■ Data section
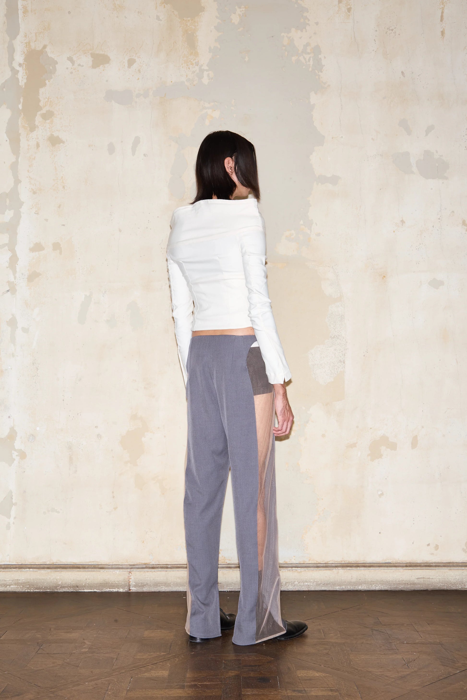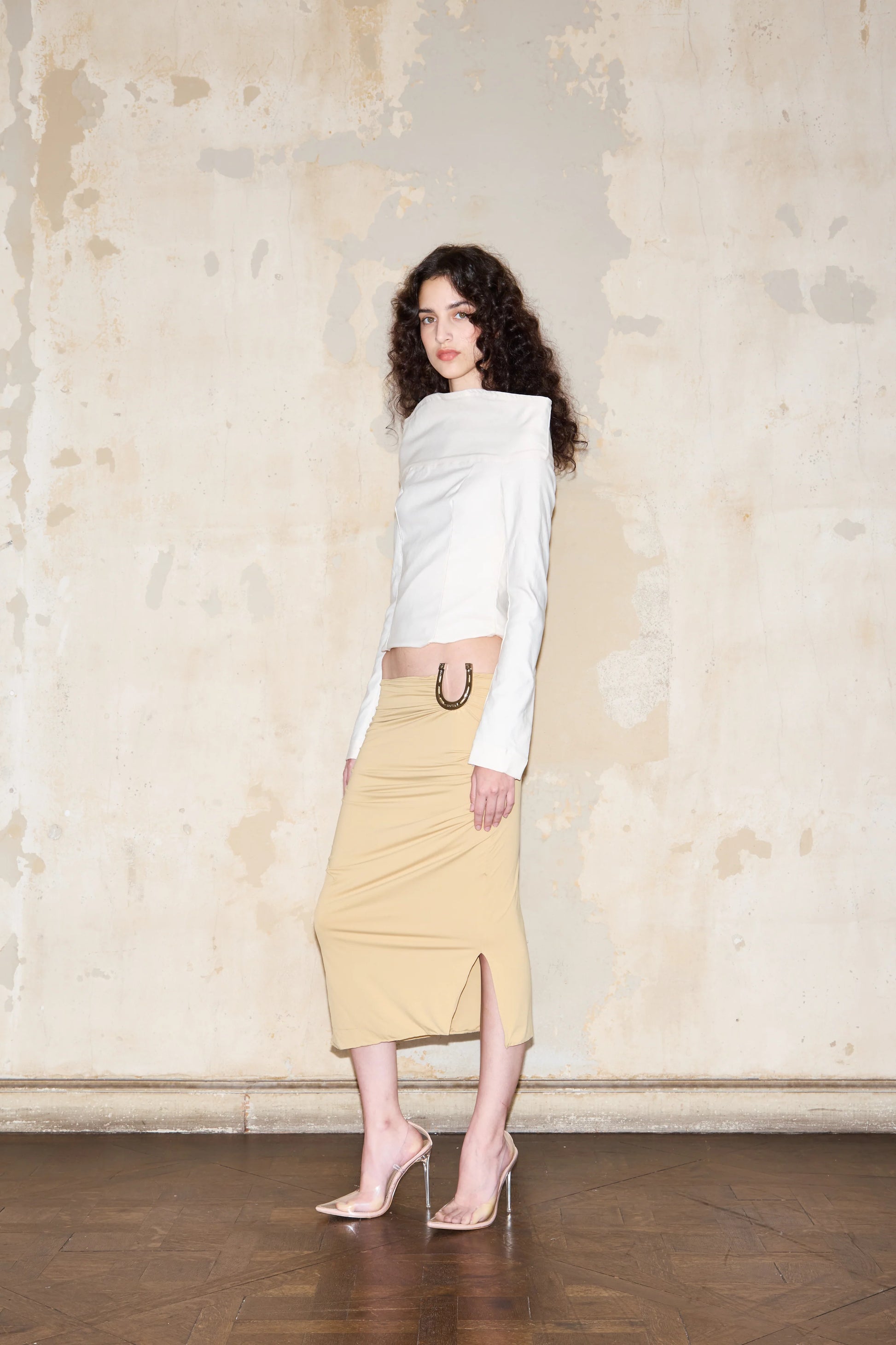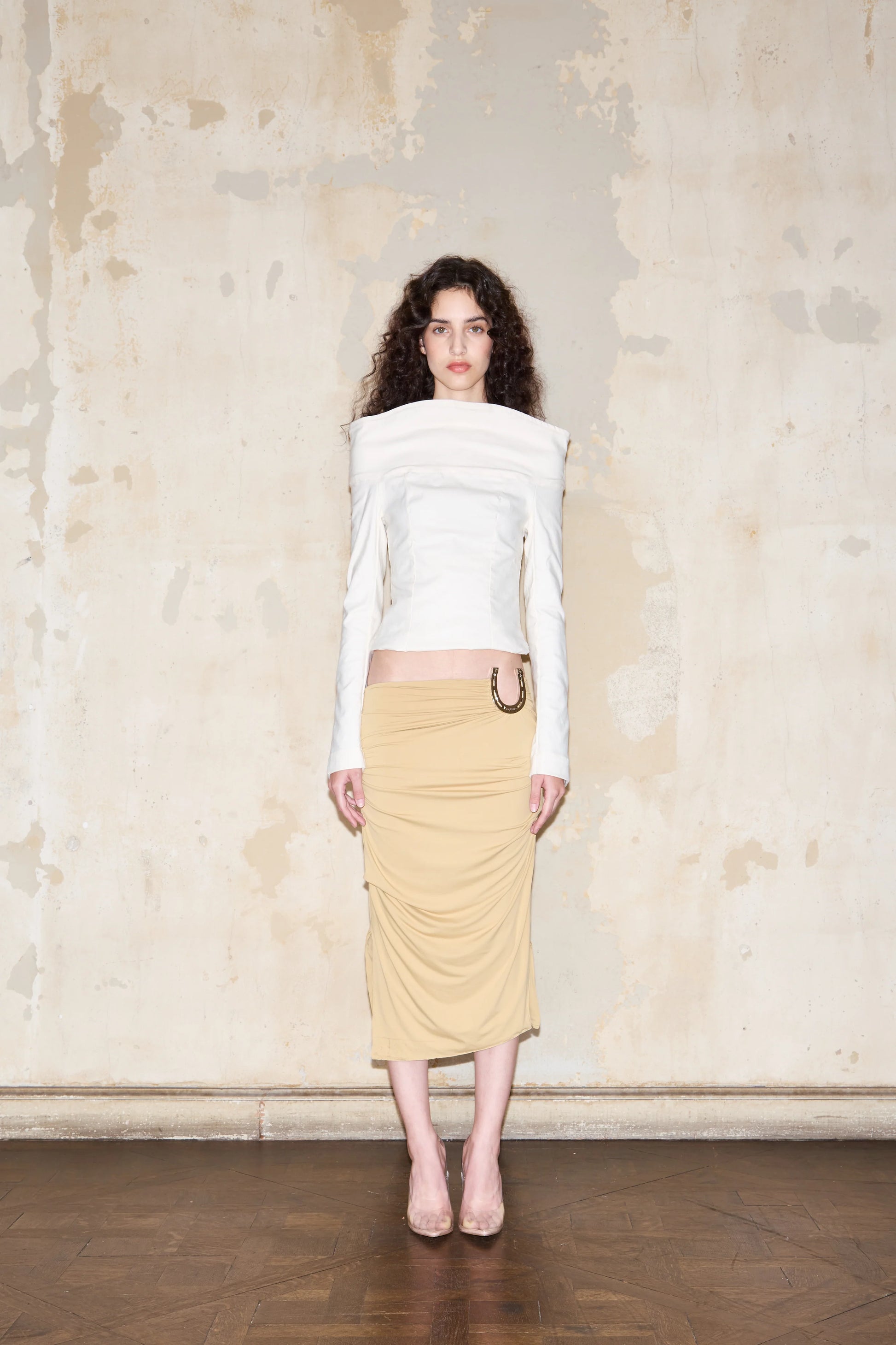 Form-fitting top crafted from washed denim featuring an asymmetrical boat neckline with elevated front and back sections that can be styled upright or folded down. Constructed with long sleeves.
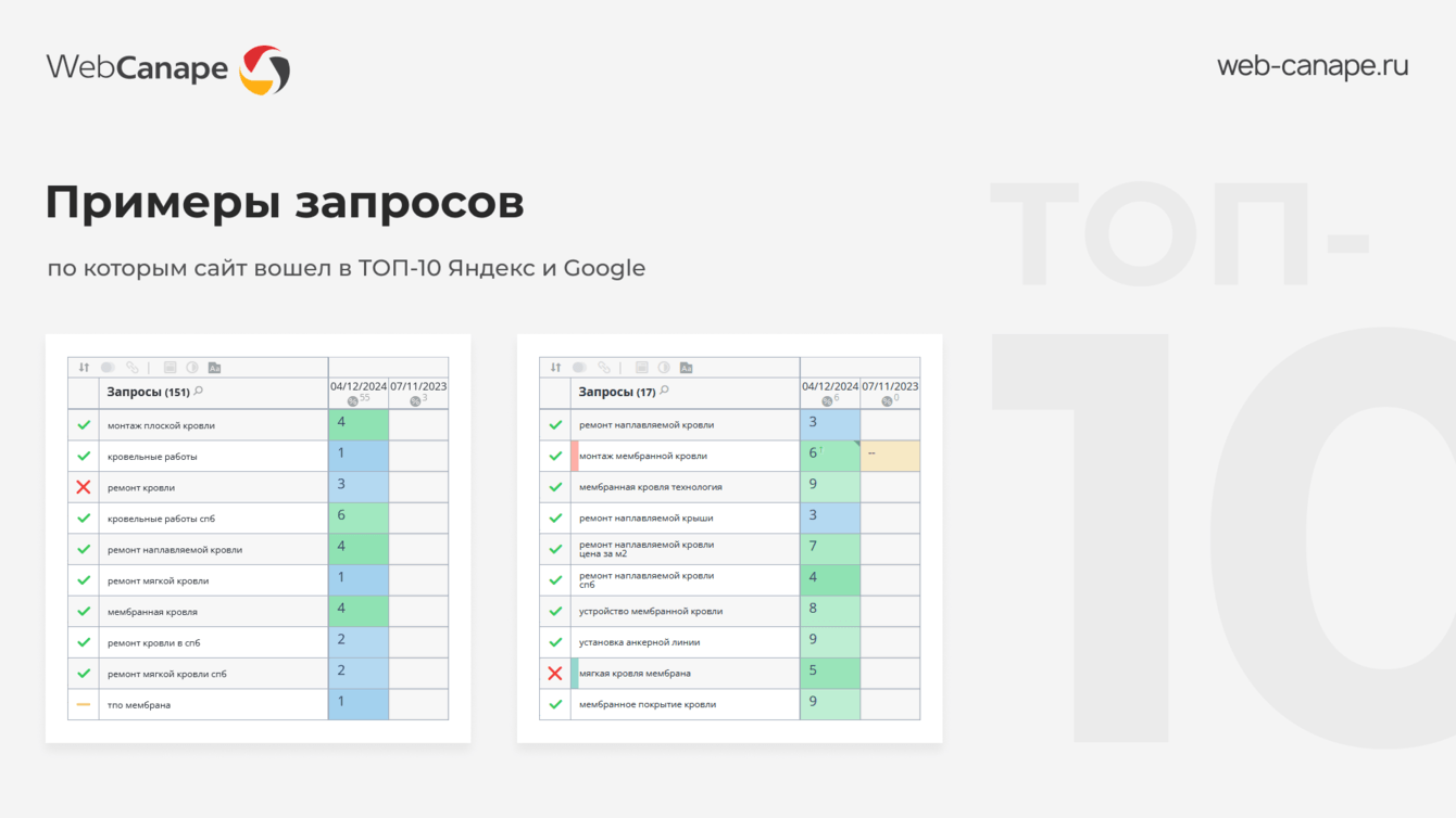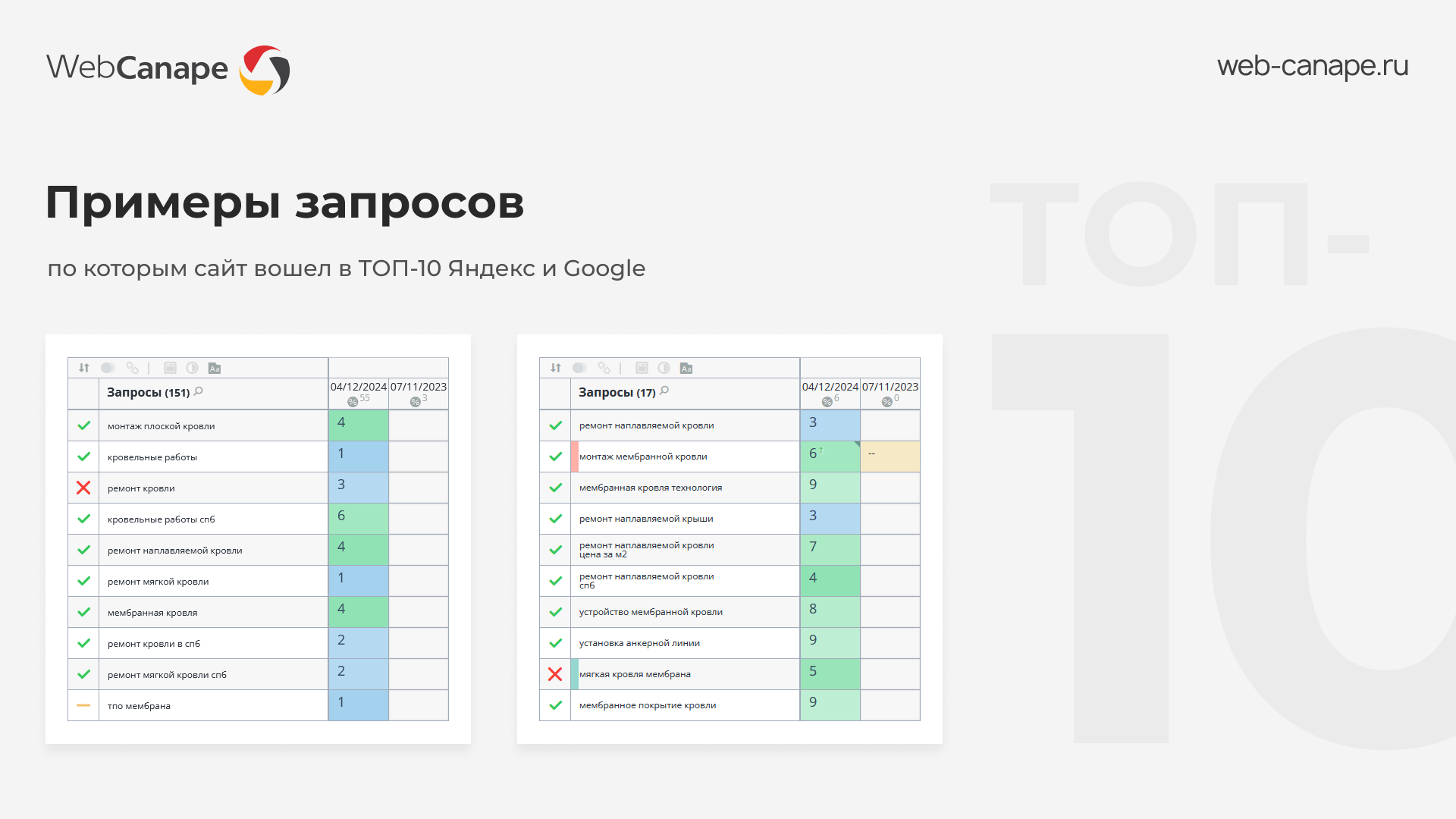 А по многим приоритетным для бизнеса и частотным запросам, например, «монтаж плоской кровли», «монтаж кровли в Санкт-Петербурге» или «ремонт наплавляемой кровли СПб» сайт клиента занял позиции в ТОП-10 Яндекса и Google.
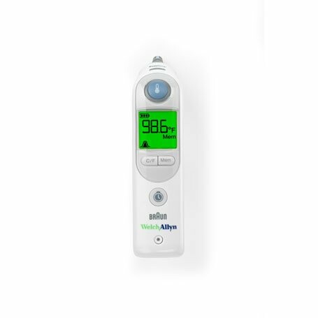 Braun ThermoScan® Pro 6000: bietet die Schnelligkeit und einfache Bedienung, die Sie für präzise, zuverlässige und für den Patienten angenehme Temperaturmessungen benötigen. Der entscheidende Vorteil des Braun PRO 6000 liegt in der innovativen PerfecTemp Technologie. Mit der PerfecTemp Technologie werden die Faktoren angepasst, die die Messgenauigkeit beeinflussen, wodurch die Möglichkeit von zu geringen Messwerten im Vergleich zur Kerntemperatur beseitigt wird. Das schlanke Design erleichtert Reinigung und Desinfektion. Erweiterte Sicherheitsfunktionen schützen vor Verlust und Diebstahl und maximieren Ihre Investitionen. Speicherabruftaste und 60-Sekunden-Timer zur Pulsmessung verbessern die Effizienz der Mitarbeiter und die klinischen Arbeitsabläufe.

■ Exercise requirements
Quote the full listing above word for word; exclude every picture from the copy.

■ Response
 Form-fitting top crafted from washed denim featuring an asymmetrical boat neckline with elevated front and back sections that can be styled upright or folded down. Constructed with long sleeves.
 А по многим приоритетным для бизнеса и частотным запросам, например, «монтаж плоской кровли», «монтаж кровли в Санкт-Петербурге» или «ремонт наплавляемой кровли СПб» сайт клиента занял позиции в ТОП-10 Яндекса и Google.
 Braun ThermoScan® Pro 6000: bietet die Schnelligkeit und einfache Bedienung, die Sie für präzise, zuverlässige und für den Patienten angenehme Temperaturmessungen benötigen. Der entscheidende Vorteil des Braun PRO 6000 liegt in der innovativen PerfecTemp Technologie. Mit der PerfecTemp Technologie werden die Faktoren angepasst, die die Messgenauigkeit beeinflussen, wodurch die Möglichkeit von zu geringen Messwerten im Vergleich zur Kerntemperatur beseitigt wird. Das schlanke Design erleichtert Reinigung und Desinfektion. Erweiterte Sicherheitsfunktionen schützen vor Verlust und Diebstahl und maximieren Ihre Investitionen. Speicherabruftaste und 60-Sekunden-Timer zur Pulsmessung verbessern die Effizienz der Mitarbeiter und die klinischen Arbeitsabläufe.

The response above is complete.